-- Opening Marker --

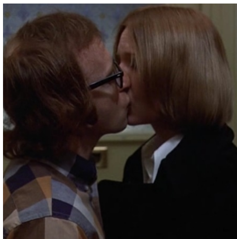
Кадр из фильма «Сыграй еще раз, Сэм»
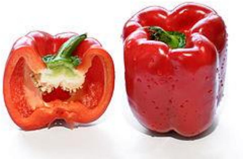
Obr. 13 PAPRIKA
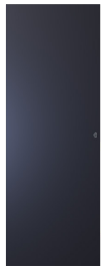
Tek Metal Kapak
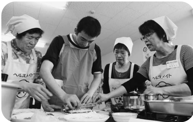
よつばの会員から料理のコツを教わる参加者
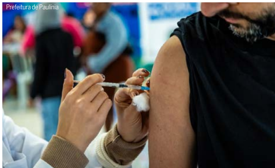
Para receber a dose, é necessário apresentar um documento com CPF.

Na última edição foram aproximadamente 1.400 participantes. Hortolândia conta com 60 quilômetros de ciclovia com meta de atingir 100 quilômetros. As ciclovias são parte das avenidas modernizadas e projetadas, além de ser contrapartida para implantação de novas vias e empreendimentos.

-- Closing Marker --

**PROBLEM DETAILS**
Could you restate every entry above word for word, leaving out the pictures?

**YOUR RESPONSE**
Кадр из фильма «Сыграй еще раз, Сэм»
Obr. 13 PAPRIKA
Tek Metal Kapak
よつばの会員から料理のコツを教わる参加者
Para receber a dose, é necessário apresentar um documento com CPF.

Na última edição foram aproximadamente 1.400 participantes. Hortolândia conta com 60 quilômetros de ciclovia com meta de atingir 100 quilômetros. As ciclovias são parte das avenidas modernizadas e projetadas, além de ser contrapartida para implantação de novas vias e empreendimentos.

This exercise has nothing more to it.